Extra-Curricular Activities

  • Yr 9 trip to Southend
  • Yr 12 trip to Slapton

Key Stage 3

What are the knowledge and skills that students will gain over Key Stage 3?

Geography should inspire in pupils a curiosity and fascination about the world and its people that will remain with them for the rest of their lives. We aim to equip pupils with knowledge about diverse places, people, resources and natural and human environments, together with a deep understanding of the Earth’s key physical and human processes. As pupils progress, their growing knowledge about the world should help them to deepen their understanding of the interaction between physical and human processes, and of the formation and use of landscapes and environments. Geographical knowledge, understanding and skills provide the frameworks and approaches that explain how the Earth’s features at different scales are shaped, interconnected and change over time.

Why is it delivered in this way?

We aim to ensure that all pupils: develop contextual knowledge of the location of globally significant places – both terrestrial and marine – including their defining physical and human characteristics and how these provide a geographical context for understanding the actions of processes. They need to understand the processes that give rise to key physical and human geographical features of the world; how these are interdependent and how they bring about spatial variation and change over time; We want the students to be competent in the geographical skills needed to: collect, analyse and communicate with a range of data gathered through experiences of fieldwork that deepen their understanding of geographical processes interpret a range of sources of geographical information, including maps, diagrams, globes, aerial photographs and Geographical Information Systems (GIS) . We want them to be able to read geographical information in a variety of ways, including through maps, numerical and quantitative skills and write at length using all of these skills..
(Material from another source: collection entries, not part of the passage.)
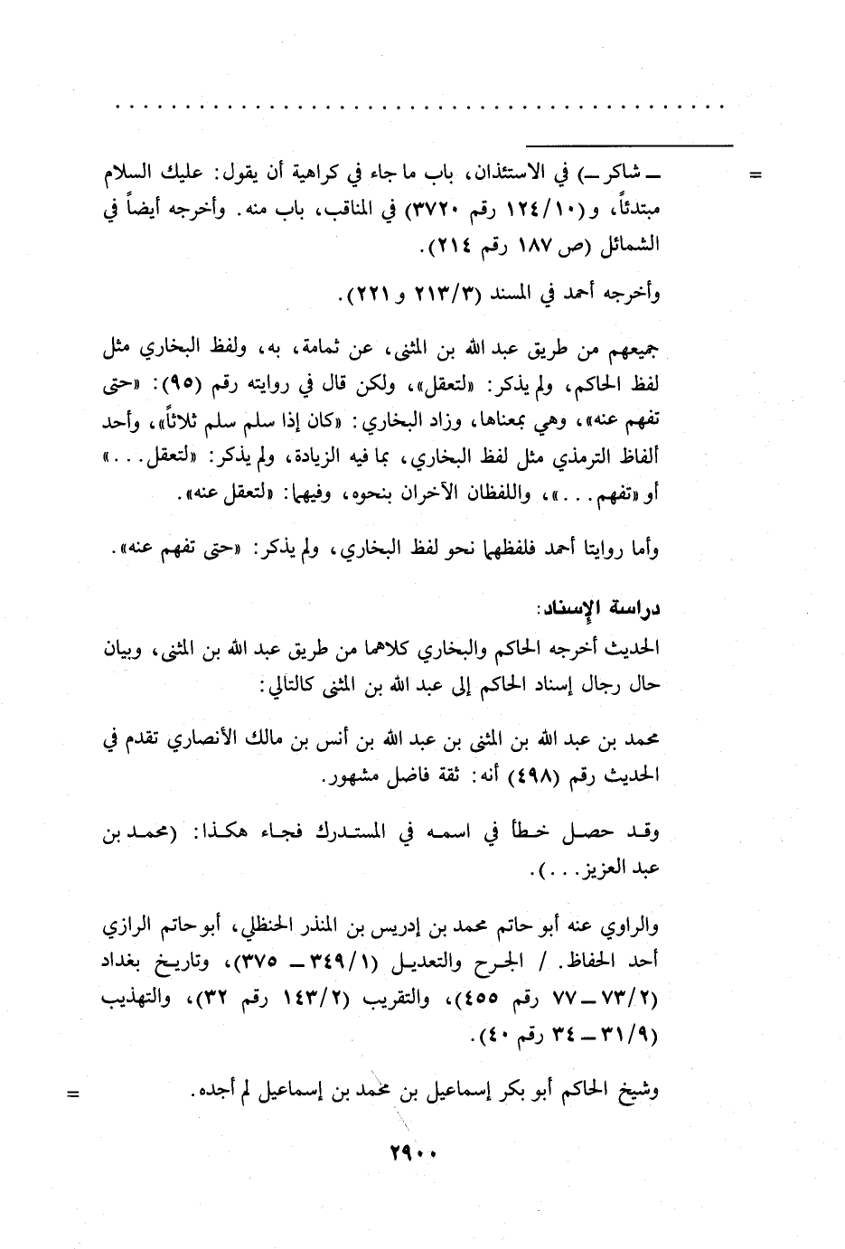 = -شاكر-) في الاستئذان، باب ما جاء في كراهية أن يقول: عليك السلام مبتدئاً، و (10/ 124 رقم 3720) في المناقب، باب منه. وأخرجه أيضاً في الشمائل (ص 187 رقم 214).
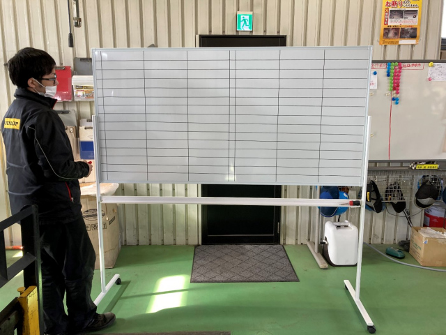 この春(4/1)からトラックとバスの予約制が苫小牧で行われるのでその予定を書くのに使うホワイトボードです!
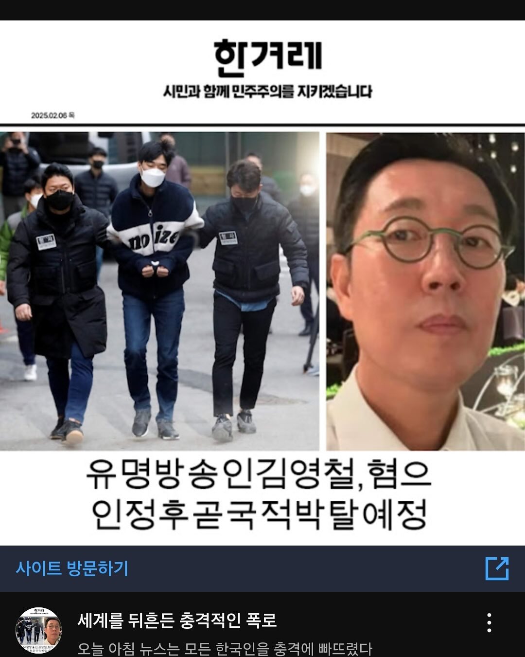 공개된 사진에는 '유명 방송인 김영철, 혐의 인정 후 곧 국적 박탈 예정' 등의 내용이 적힌 글이 담겼는데, 마치 뉴스 기사처럼 편집되어있어 혼란을 주고 있다.
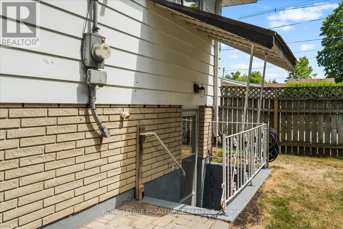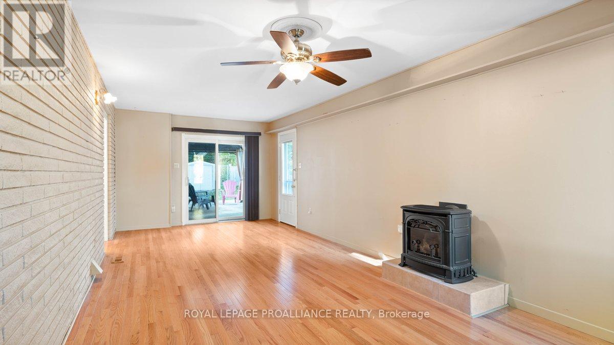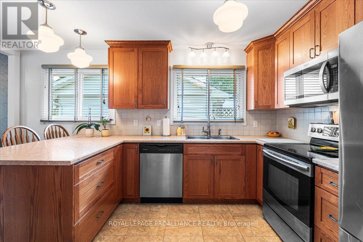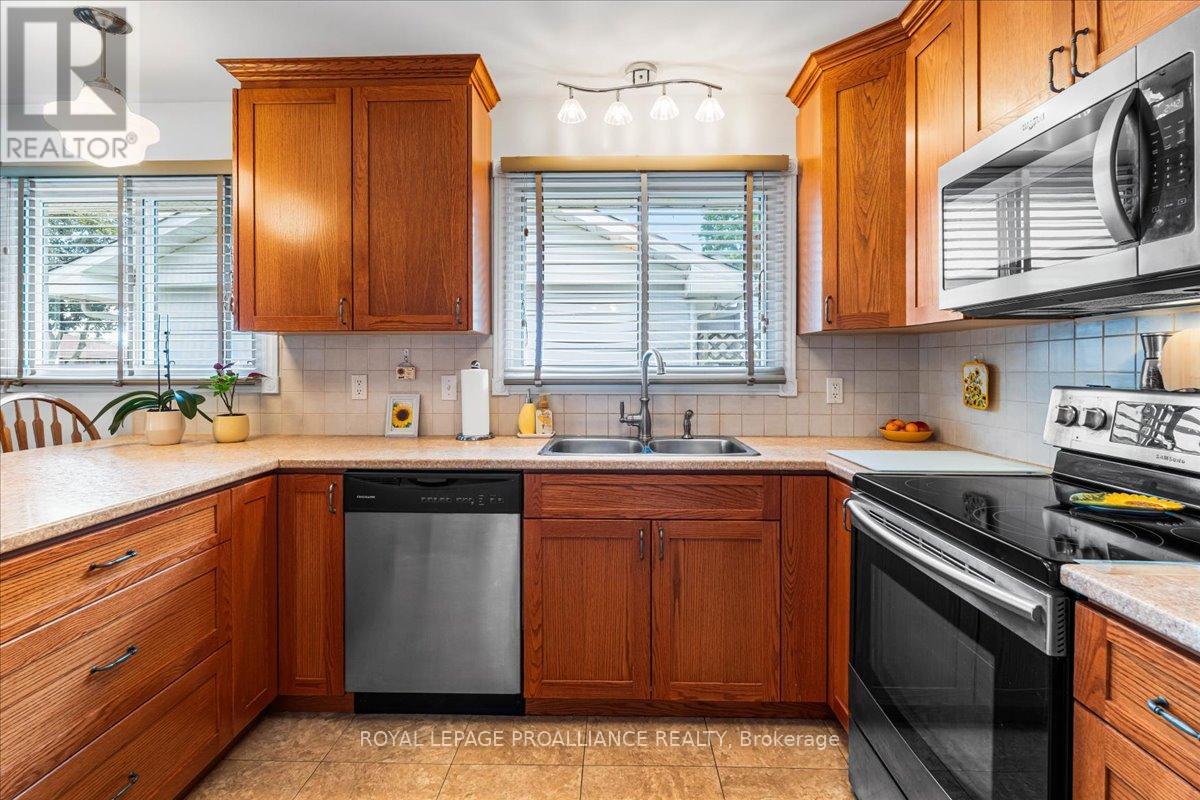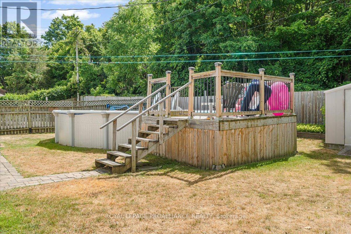 Meticulously maintained 3 bedrooms, 2 bath backsplit located on a quiet street in a good family neighbourhood in west end of Trenton. Walking distance to schools and shopping, only 10 minute drive to CFB, 401 for commuters. Main floor family room with gas fireplace and patio doors to large deck. Large window lets the natural light filter in to the Living room with fireplace , updated kitchen with soft close feature, newer appliances and a cozy dining area for ease of entertaining family and friends. Basement has rec room/office, workshop , laundry area and convenient walkout to backyard. Nat. gas heat, central air , hardwood floors, metal roof,24 ft above ground pool, fully fenced private backyard with gate to park behind. Great curb appeal with double paved driveway and beautiful gardens. This property offers the perfect blend of comfort and convenience. (id:51158)
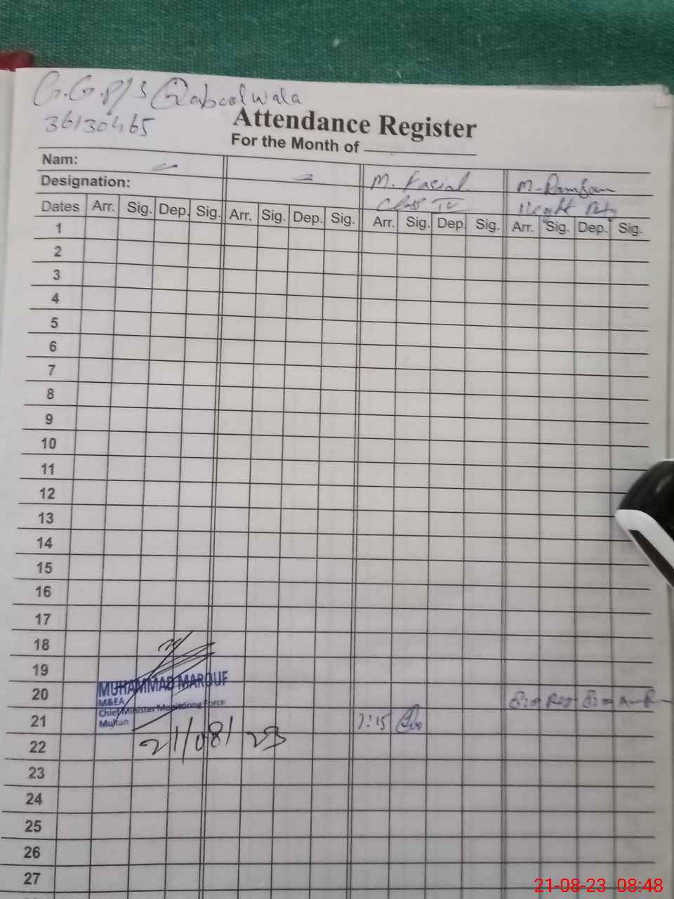 | CNIC | Full Name | Designation | R/C | Absence during last cal. month |

To this end, topics are taught thematically with sustainability, global governance, empathy and awe and wonder in mind, while embedding the key skills required skills.

Topics range from-

Year 7:

  • What is Geography?
  • Rivers
  • Tourism
  • Extreme Weather
  • Settlements
  • Field work

Year 8:

  • Tectonics
  • Energy
  • Population
  • Ecosystems
  • Contemporary Issues
  • Fashion and Globalisation

This allows us to address contemporary issues- analysing physical and human geography at different scales.


Key Stage 4
Course Title: AQA GCSE Geography 8035, AQA-8035-SP-2016.PDF

What are the knowledge and skills that students will gain over Key Stage 4?

The subject content is split into four units: 3.1 Living with the physical environment, 3.2 Challenges in the human environment, 3.3 Geographical applications and 3.4 Geographical skills.
In units 3.1 and 3.2 the content is split into sections, with each section focusing on a particular geographical theme. Unit 3.3 sets out the requirements for fieldwork and issue evaluation. Unit 3.4 sets out the geographical skills that students are required to develop and demonstrate.
In the specification content, students are required to study case studies and examples. Case studies are broader in context and require greater breadth and depth of knowledge and understanding. Examples are more focused on a specific event or situation, are smaller in scale and do not cover the same degree of content.

Why is it delivered in this way?

We follow the AQA GCSE Programme of study which delivers it in line with the exam papers.
Topics on paper 1 range from Hazards- tectonic and atmospherics; contrasting ecosystems; Rivers and Coasts.
Paper 2 is more Human based Geography with emphasis on development and human impact and a number of scales.
Paper 3 revisits the skills we have been embedding throughout KS3 and 4.

Sixth Form
Course title: AQA GCE A level Geography 7037, AQA-7037-SP-2016.PDF

What are the knowledge and skills that students will gain over Key Stage 5?

At KS5 we are revisiting topics we have covered before, but at the depth required for the A level syllabus.
This requires independent, extended reading around the topics and more sophisticated theories to be embedded and referred to in context. We study at a variety of scales, and with case studies as hooks to explore. Students are required to consider in terms of social, economic, political and environmental while using skills of analysis and evaluation.

Why is it delivered in this way?

We follow the AQA A level Programme of study, split between two geography teachers. Modules are taught in the whole but with synoptic links being explicitly made.